→ Goal of the exercise
The reply must consist of the complete listing, reproduced exactly, with no images included.

→ Data excerpt
• • • • • • •
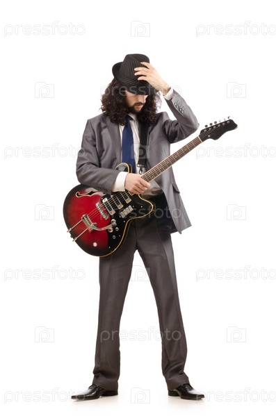 Молодой гитарист на белом фоне
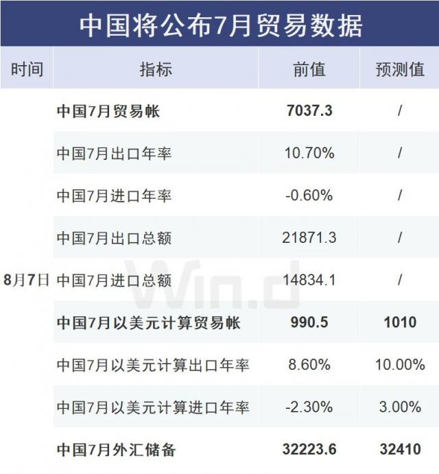 根据海关总署发布的数据,中国 6 每月出口(以人民币计费)同比增长 前值增加10.7% 11.20%;进口降低 0.6%,前值增加 5.20%;贸易顺差 7037.3 亿元,前值 5864 亿元。中国以美元计算 6 月度出口同比增长 前值增加8.6% 7.6%;进口降低 前值增加2.3% 1.8%;贸易顺差 990.5 亿美元,前值 826.2 亿美金。
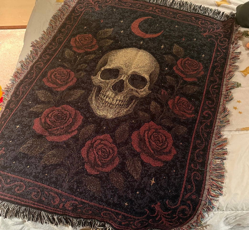 Not me falling asleep wrapped inskulls and roses 🖤😭. Honestly, this is the comfiest thing I own.
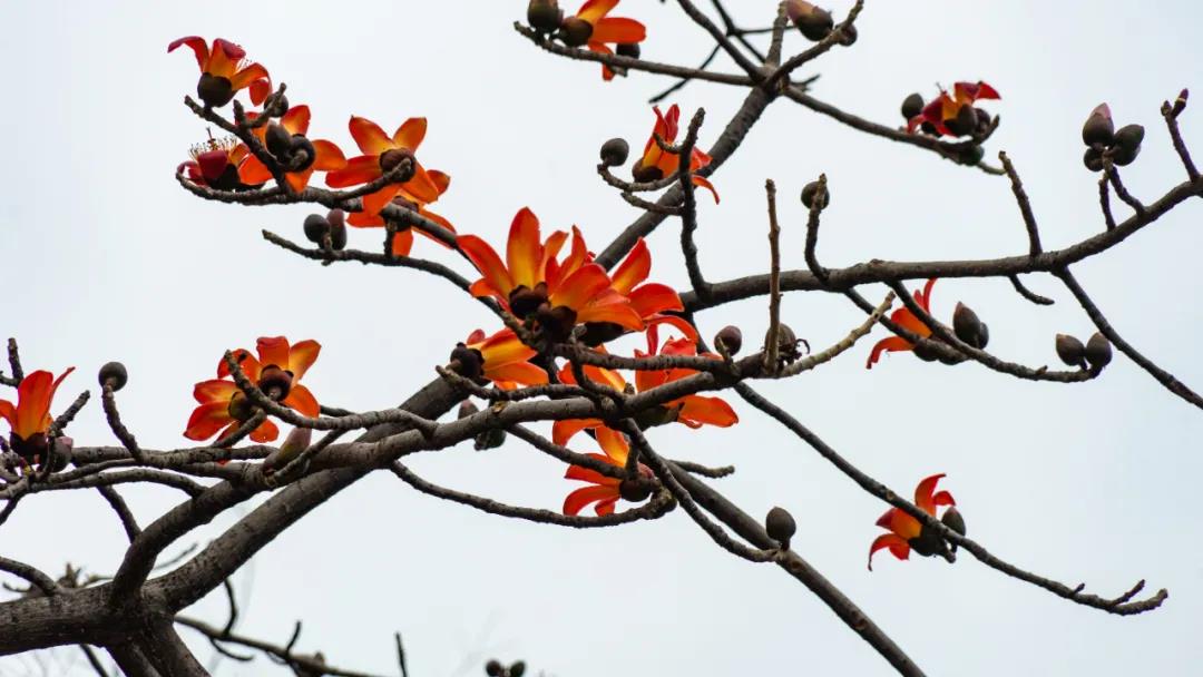 攀枝花树冠高大,树干上长有棱角,旱季叶子早已落光。自开春以来,一连串的花骨朵就开始缀满枝头,在春风来临之前,悄然酝酿,蓄势待发。
• • • • • • •
→ Exercise response
 Молодой гитарист на белом фоне
 根据海关总署发布的数据,中国 6 每月出口(以人民币计费)同比增长 前值增加10.7% 11.20%;进口降低 0.6%,前值增加 5.20%;贸易顺差 7037.3 亿元,前值 5864 亿元。中国以美元计算 6 月度出口同比增长 前值增加8.6% 7.6%;进口降低 前值增加2.3% 1.8%;贸易顺差 990.5 亿美元,前值 826.2 亿美金。
 Not me falling asleep wrapped inskulls and roses 🖤😭. Honestly, this is the comfiest thing I own.
 攀枝花树冠高大,树干上长有棱角,旱季叶子早已落光。自开春以来,一连串的花骨朵就开始缀满枝头,在春风来临之前,悄然酝酿,蓄势待发。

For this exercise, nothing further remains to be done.